Cydones was a student of the Greek classical scholar and philosopher Nilus Cabasilas. In 1354 he went to Italy, where he studied the writings of the leading medieval philosophical theologians. Attracted to Latin Scholasticism, he made Greek translations of the major works of Western writers, including tracts by Augustine of Hippo (5th century) and Thomas Aquinas (Compendium of Theology).
By 1365 he had made a profession of faith in the Latin church. Returning to Constantinople, Cydones was named prime minister by Emperor John V Palaeologus (1369). With the weakening of Byzantine resistance to the Arabs, he retired to private life about 1383. In 1390 Cydones returned to Italy and opened an academy of Greek culture in Venice. Attracting Venetian and Florentine students, he effected a cultural exchange that diffused Greek language and thought throughout Italy and served as a stimulus for the Italian Renaissance. He formed, moreover, the nucleus of a group of Byzantine intellectuals that strove for Christian unity between East and West. His admiration of Western thought at a time when the Latins were considered "barbarians" led to his involvement in the ecclesiastical and political conflicts of the period.
Recalled to Constantinople in 1391 by his former pupil Emperor Manuel II Palaeologus, Cydones resumed his ministerial post, resigning in 1396, when hostility to his Latin Catholicism ultimately compelled him to retire permanently to the island of Crete.

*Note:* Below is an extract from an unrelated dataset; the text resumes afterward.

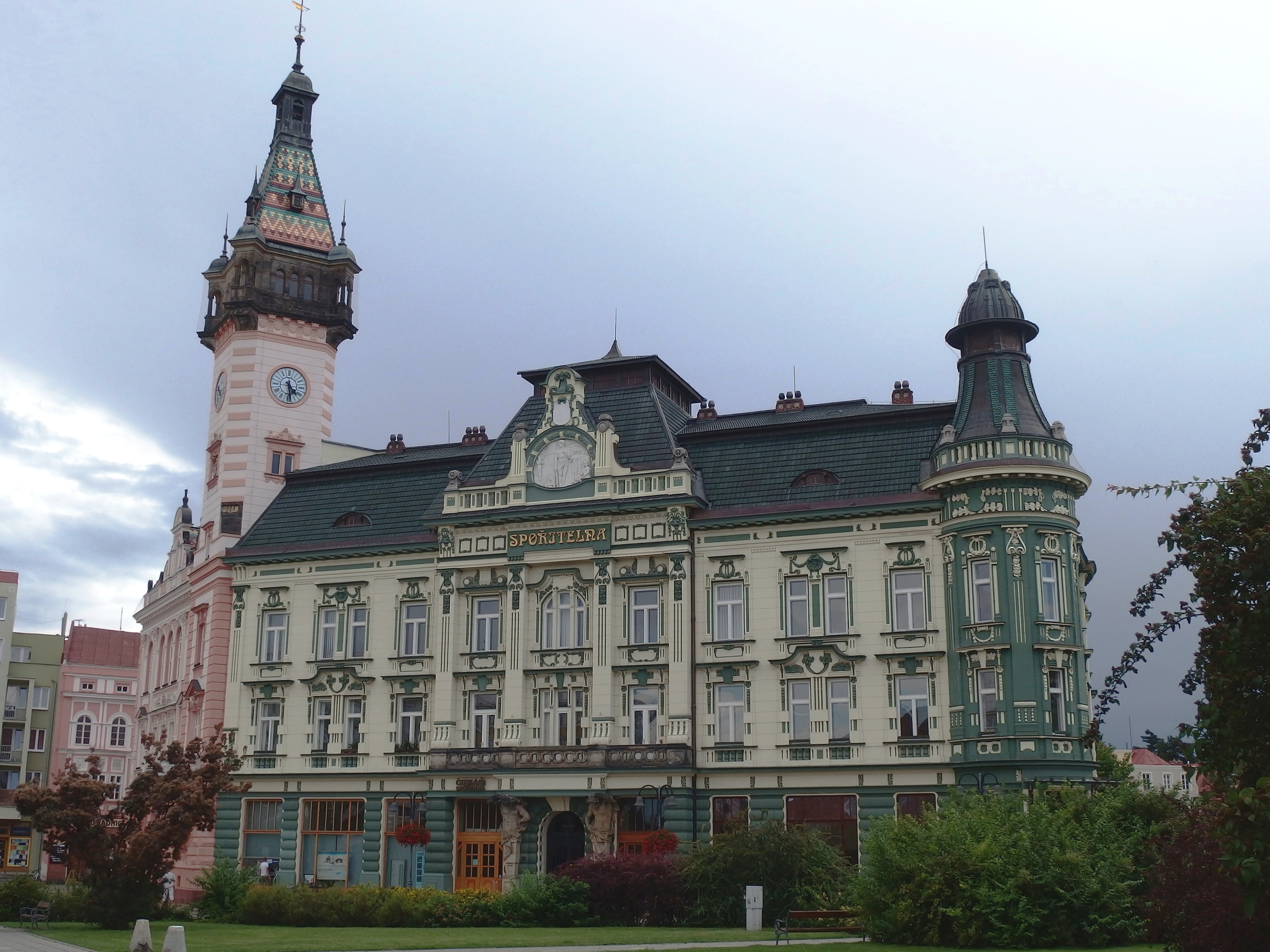 Krnov, Bruntál District, Czech Republic.

With the support of his brother Prochorus, Demetrius opposed Hesychasm, the belief in a life of contemplation and uninterrupted prayer taught by the Eastern Orthodox monks of Mount Athos and articulated by the 14th-century ascetic-theologian Gregory Palamas. Applying Aristotelian logic to the Neoplatonic character of Hesychasm, the Cydones brothers accused Palamas of pantheism, only to be condemned themselves by the Orthodox Synod of 1368 that canonized Palamas.
Considered the most brilliant Byzantine writer of the 14th century, Cydones is the author of the moral philosophical essay De contemnenda morte ("On Despising Death"), an apology for his conversion to Latin Catholicism, and a voluminous collection of 447 letters, valuable for the history of Byzantine relations with the West. The principal documentary sources for Byzantium's gradual submission to the Turks are his Symbouleutikoi ("Exhortations"), vainly urging the Byzantine people to unite with the Latins in order to resist the Turkish onslaught; these fervent appeals give a clear picture of the hopeless position of the Byzantine Empire in about the year 1370.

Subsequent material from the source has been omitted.